First-party sales revenue was $17.8 million, down 21% year-over-year or down 9% on a constant currency basis, similarly impacted by lower first-party corporate sales in Egypt and currency movements.

“Driven by strong underlying growth in our core consumer business and decisive actions to improve efficiency, we are updating our financial outlook,” said CEO Francis Dufay, who remained optimistic.

“We believe to be on track for the fourth quarter of 2026, targeting full-year profitability on a loss before income tax basis in 2027. These updates reflect positive momentum and our commitment to achieving profitability.”

Key takeaways:

  • Jumia’s reported revenue of $36.3 million for Q1 2025
  • Operational losses grew to $18.7 million
  • Quarterly active users grew to 2.1 million

The value of total orders (GMV) declined to $161.7 million despite the number of orders increasing 12% year-over-year to 5.1 million. Adjusted for perimeter effects, orders from upcountry regions represented 58% of total orders in the first quarter of 2025, up from 50% in the prior-year period. Operating losses widened to $18.7 million, compared to $8.3 million in the same period last year.
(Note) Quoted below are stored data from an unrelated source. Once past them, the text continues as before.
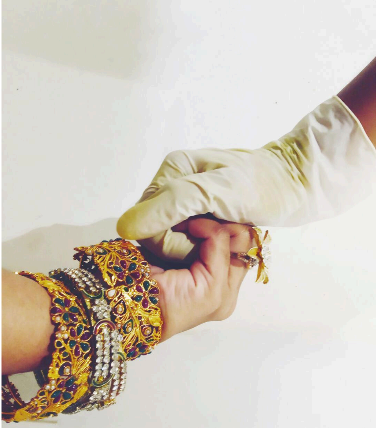
Figure 1: First winner: Promise of Protection (by Miss Steffy Nadar)
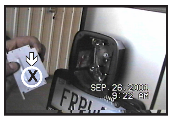
Drill a hole according to the tail light wiring kit instructions.

The BX8869 Tail Light Wiring Kit is recommended for this vehicle.
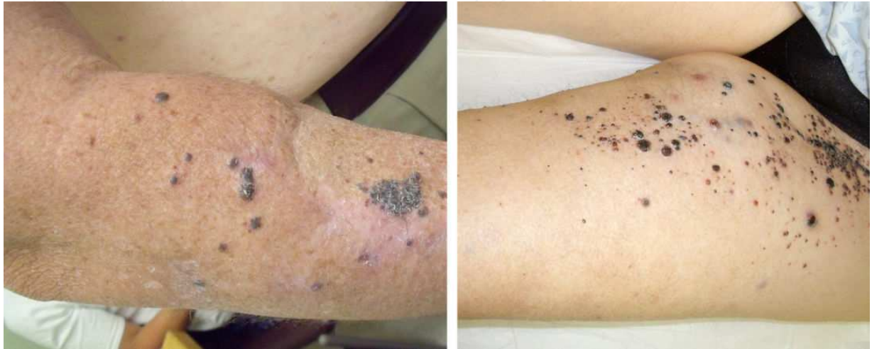
Figure 1. Examples of in-transit melanoma of the arm (left) and leg (right). Note the distribution and extent of disease, making these presentations very poor candidates for surgical excision. On the left, there is evidence of in-transit metastases both within the area of previous skin flap, as well as extending more proximally along its course of lymphatic drainage. On the right, there is extensive disease extending up to the inguinal crease.

the primary tumor and its lymphatic drainage basin. For non-extremity disease, the distribution can be even more variable, with widespread tumor burden on the head, neck or trunk, depending on the location of the primary melanoma.
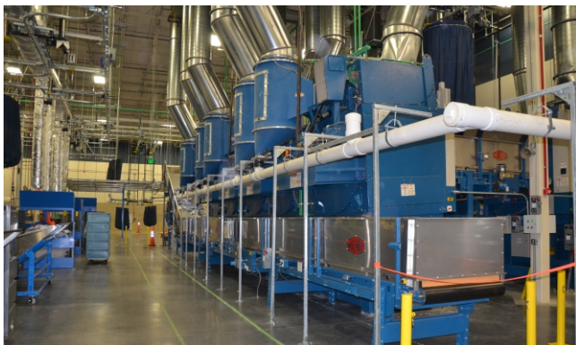
6464 Pass-Through Dryer Pod with Multitrac System Controller Drynet--Dryer/Shuttle Controller

PBW/CBW Washing Principles Extraction Systems Shuttle Devices How to read MILNOR Schematics Overview of Mechanical Devices in CBW Systems
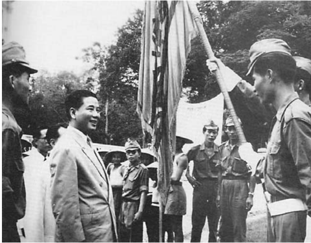
South Vietnamese President Ngo Dinh Diem was assassinated in 1963, because of his refusal to give up national sovereignty to the Averell Harriman crowd in the United States, and his effort to prevent a full-scale war in Vietnam. He is shown here in 1955.
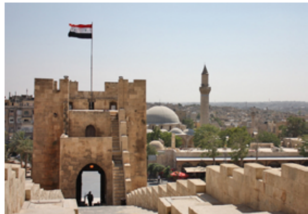
View of Citadel and City of Aleppo

The Syrian Civil War has devastated Aleppo. 70 The conflict reached a disastrous highpoint in 2016 when government forces fought a fierce month-long battle to retake the eastern region of the city from rebels. The clash killed hundreds, left entire neighborhoods in ruins, created thousands of refugees, and set off a daunting humanitarian crisis. Many of the Old City's historic structures, including the citadel and souk, were severely damaged or destroyed. 71, 72 Aleppo has begun to recover slowly, but basic services are still lacking, and once-thriving industrial facilities remain shuttered or destroyed. 73, 74 Of the pre-war population of 3.2 million, less than 2 million remains. 75

This quarter, Jumia attracted 2.1 million customers compared to 1.9 million in Q1 2024. It will continue to leverage low-cost acquisition channels involving radio jingles, SEO and CRM strategies to retain customers.

Jumia has taken several steps to improve its financial performance, including exiting non-core markets and raising capital through a secondary share offering. However, achieving profitability remains a significant challenge due to ongoing economic uncertainties.

Regarding cash efficiency, Jumia has a cash balance of $61.6 million and a liquidity position of $110.7 million. The company said the liquidity position decreased by $23.2 million in the first quarter of 2025, compared to a decrease of $19.1 million in the first quarter of 2024, and a decrease of $30.6 million in the fourth quarter of 2024.

Net cash used in operating activities rose to $21.2 million in the first quarter of 2025, primarily driven by a negative working capital contribution of $8.0 million, largely reflecting higher inventory levels built up to ensure product availability and assortment ahead of the Jumia Anniversary campaign.

The yearly event is set to launch in early May, earlier than in 2024. In addition, the company reported $0.9 million in capital expenditures in the first quarter.

JumiaPay transactions reached $2 million by March 2025, up 1% year-over-year. The growth was driven by increased penetration of JumiaPay on delivery in Q1 2025. There are also ongoing efforts to streamline the user experience to increase cashless orders, positioning the payment arm as an enabler of the company’s e-commerce architecture

Today, Jumia’s share price has fallen 4%, demonstrating a depreciating level of shareholder confidence. The stock currently trades at $2.40 at the time of this report.